Hi Thanks for this. Im getting a lot of negativity in regards to the 24k package from another forum with people telling me it is no where near enough for a couple


----------



## aleleeson (Jun 10, 2015)

Good luck you all would be fine. The biggest expense will be housing so try to be careful there. I thought to forego the gym and pool places because they tend to be pricer in Abu Dhabi but it depends on your lifestyle if it would be worth it or not. 

Finding good housing will be difficult, look around as much as you can and negotiate, ask the neighbours what they pay before agreeing unless it looks like a really good offer.

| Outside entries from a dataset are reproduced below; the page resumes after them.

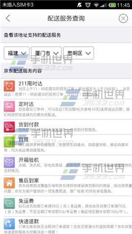3)跳转到配送服务查询页面后,选择好地址,下面您将自行牵引服务内容,来看看所在地区有哪些配送服务。(如下图所示)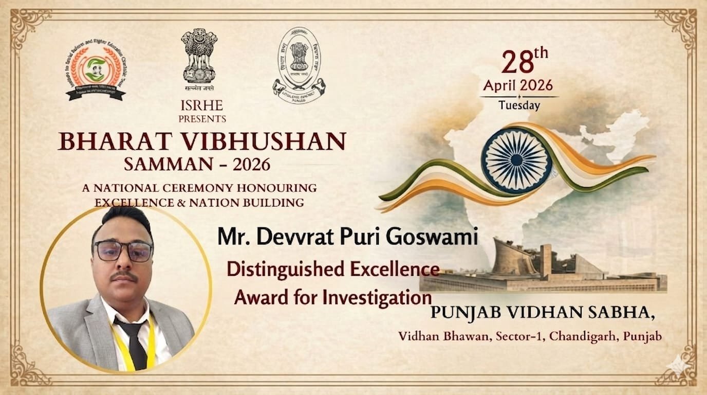 देहरादून: 28 अप्रैल 2026- देश की जांच जगत में एक बड़ी उपलब्धि सामने आई है। “भारत विभूषण सम्मान – 2026” के प्रतिष्ठित राष्ट्रीय मंच पर उत्तराखंड के देवव्रत पुरी गोस्वामी (डिटेक्टिव देव) को उनके असाधारण जांच कार्यों के लिए पंजाब विधानसभा के विधान भवन, चंडीगढ़ में “जांच के लिए विशिष्ट उत्कृष्टता पुरस्कार” से सम्मानित किया गया।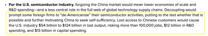 如果在半导体行业对华脱钩,会令美国半导体公司损失高达1240亿美元的收入,导致研发和资本支出分别削减120亿和130亿美元,并导致美国半导体行业失去超过10万个工作岗位。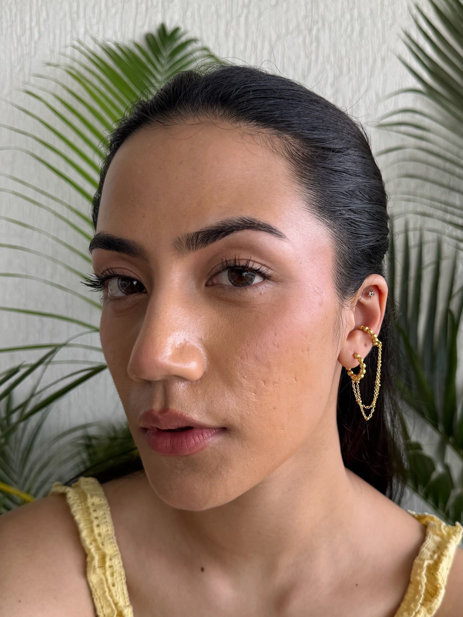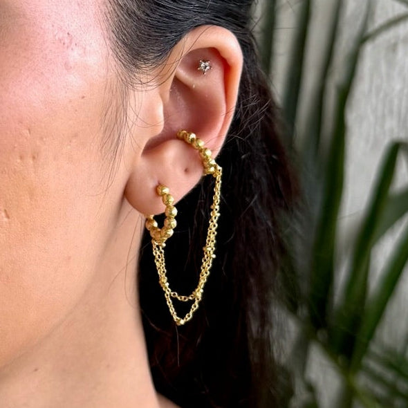 The Beaded Cuff Earring blends structure and fluidity in a silhouette that wraps the ear with sculptural elegance. Featuring a beaded stud connected to a polished gold cuff by draped chains, this piece creates the illusion of multiple piercings—without requiring one for the upper cuff.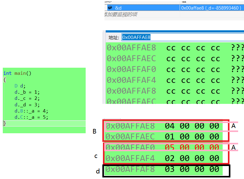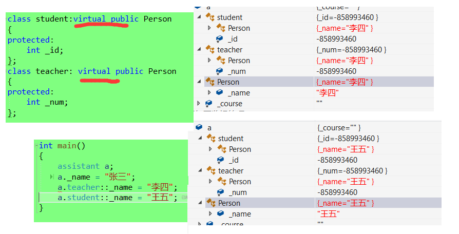 class A { public: int _a; }; class B:virtual public A { public: int _b; }; class C:virtual public A { public: int _c; }; class D:public B,public C { public: int _d; }; int main() { D d; d._b = 1; d._c = 2; d._d = 3; d._a = 4; d._a = 5; B b; b._a = 1; b._b = 3; B* ptr = &b; ptr->_a = 2; ptr = &d; ptr->_a = 6; }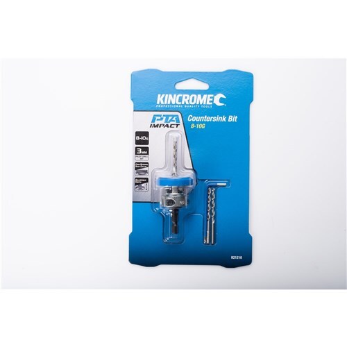 Introducing the latest addition to the Kincrome PTA Impact range, PTA Countersink bits. Kincrome countersink bits pilot drill and countersink holes in one simple step. Designed for decking and wood-working applications, the tool features a depth adjustable free spinning stop collar to protect the work surface and ensure consistent countersink depth, anti-clog debris cavities and replaceable parabolic high-speed steel (HSS) pilot drill bits. Both sizes come with 2 spare drill bits and a hex key for easy changing of bits. The 8-10G Countersink bit is suitable for 8-10 gauge screws and 3.0mm spare pilot drill bits are available.

Good Luck, though you all should be fine! Here really is expensive though but a couple will not spend more than 10,000 aed per month on living. 



urfankhaliq said:


> Hi Thanks for this. Im getting a lot of negativity in regards to the 24k package from another forum with people telling me it is no where near enough for a couple


----------



## urfankhaliq (Oct 23, 2014)

Thanks. I've done some sums too and it does seem like its doable. Not sure why the other forum was being negative. I guess it depends on how people are used to living!

I guess I'll stick to this forum as the members are friendlier!! Lol

Out of interest, where are you from originally if you don't mind me asking.

I should probably mention now that the job is with ADCB. Does anyone have any experience of working with the company or know anyone working at the company?


----------



## iggles (Jan 4, 2015)

urfankhaliq said:


> Thanks. I've done some sums too and it does seem like its doable. Not sure why the other forum was being negative. I guess it depends on how people are used to living!
> 
> I guess I'll stick to this forum as the members are friendlier!! Lol
> 
> ...


I bank with them, they are really good. Well that's my impression of them. Zero complaints other than that cards are not as durable as lets say a Nationwide.

What was the final salary did you get? I've skimmed read the thread. 

Quick summary You, your wife, no children and 24k a month right? not 30k?


----------



## urfankhaliq (Oct 23, 2014)

Me + wife. No kids. 30k all in..

24 was the offer but I countered with 30 after looking at my current package and awaiting final response.


----------



## iggles (Jan 4, 2015)

urfankhaliq said:


> Me + wife. No kids. 30k all in..
> 
> 24 was the offer but I countered with 30 after looking at my current package and awaiting final response.


Easy, no worries. Like i said before, you can either be a in a studio and save GBP3k or get a larger apartment. I went the savers route and I have no complaints.

I have 2 friends from UK over right now (on holiday/visiting), plus my partner and its fine.

PS i got burnt by some unfamiliar terminology in my contract, so if you want advise on that ping me a msg.


----------



## urfankhaliq (Oct 23, 2014)

Ok great. Thanks


----------